Al momento llegó Laura.
–Señor maquinista, ¿partimos? –le dijo al señor Arturo, al tiempo que le ajustaba la gorra, algo ladeada hasta entonces.
–Claro –respondió éste–, cuanto antes o se enfriará.
–Simón, la semana que viene tenemos un partido de fútbol. Ya se han apuntado muchos –se refería a unos cuantos de los comensales y a algunos compañeros suyos–. ¿Vendrás?
En ese instante se oyó un coche que aparcaba junto a la carpa. Hacía un ruido que el chico reconoció al instante. Era el del motor del coche de su hermano, un bien conservado cupé de los cincuenta del que se había encaprichado recientemente.
–¿Un partido? –Respondió a Laura, devolviendo su percepción a la conversación que mantenía–. Me apunto. Tú dame un balón y ya verás de lo que soy capaz.
Acto seguido entraron al comedor dos personas a las que no le costó identificar. Reconoció sin dificultad sus caras de disgusto y las miradas contrariadas que le lanzaron tras localizarle. Permanecían pegados a la puerta observando a su alrededor con muecas de perplejidad.
–Arturo, tengo que marcharme –le dijo Simón a su reciente amigo, sin perder de vista a sus padres–. ¿Sabes?
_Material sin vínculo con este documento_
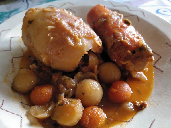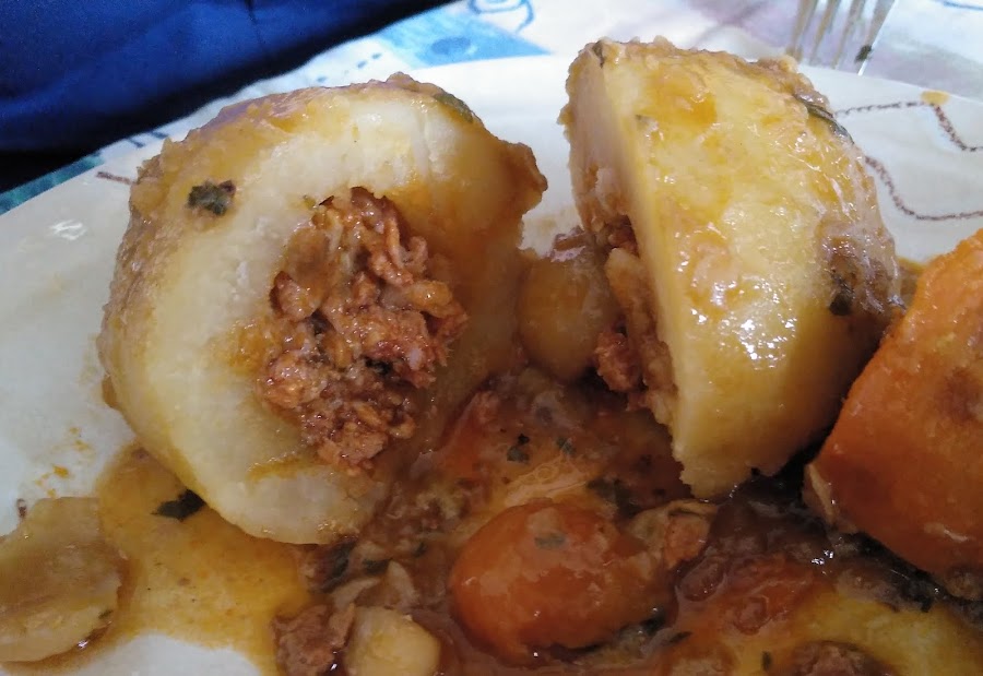 Agregar esta salsa a las patatas y se cubre todo con caldo y se deja cocer a fuego lento durante una hora a fuego lento.
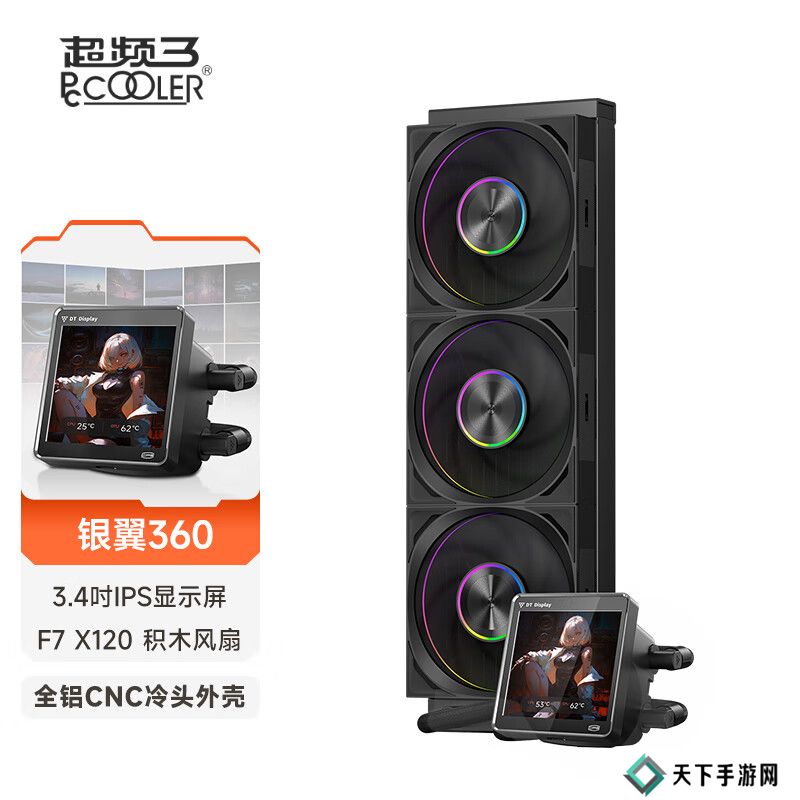 本站3 月 28 日消息,超频三旗下银翼 DT360 ARGB Display一体式水冷现已在京东开启首销。该散热器冷头部分采用 CNC 阳极氧化喷砂工艺处理的铝合金,配备磁吸式可移动屏显模块,享受 8 年质保,定价为 1299 元。

Supongo que me ha tocado pasar por la vida en un vagón de tercera. Pero este es mi tren y ahora no voy a correr tras otro. Tal vez pueda entrar a otros vagones, mejorar el pasaje, ir por las vías que prefiera, evitar los túneles más fríos y oscuros, quién sabe.
–¿Te veré, muchacho? –Le preguntó al tiempo que escrutaba a aquella extraña pareja que seguía petrificada junto a la entrada.
–Claro, Arturo, y daremos juntos una vuelta –le dijo y le estrechó la mano con fuerza.
Entonces Laura se le abrazó y le dio un beso muy dulce, tanto como su añorada anguila de mazapán. El rubor se le subió a las mejillas y en un segundo lo llenó todo el calor que había echado de menos durante el invierno.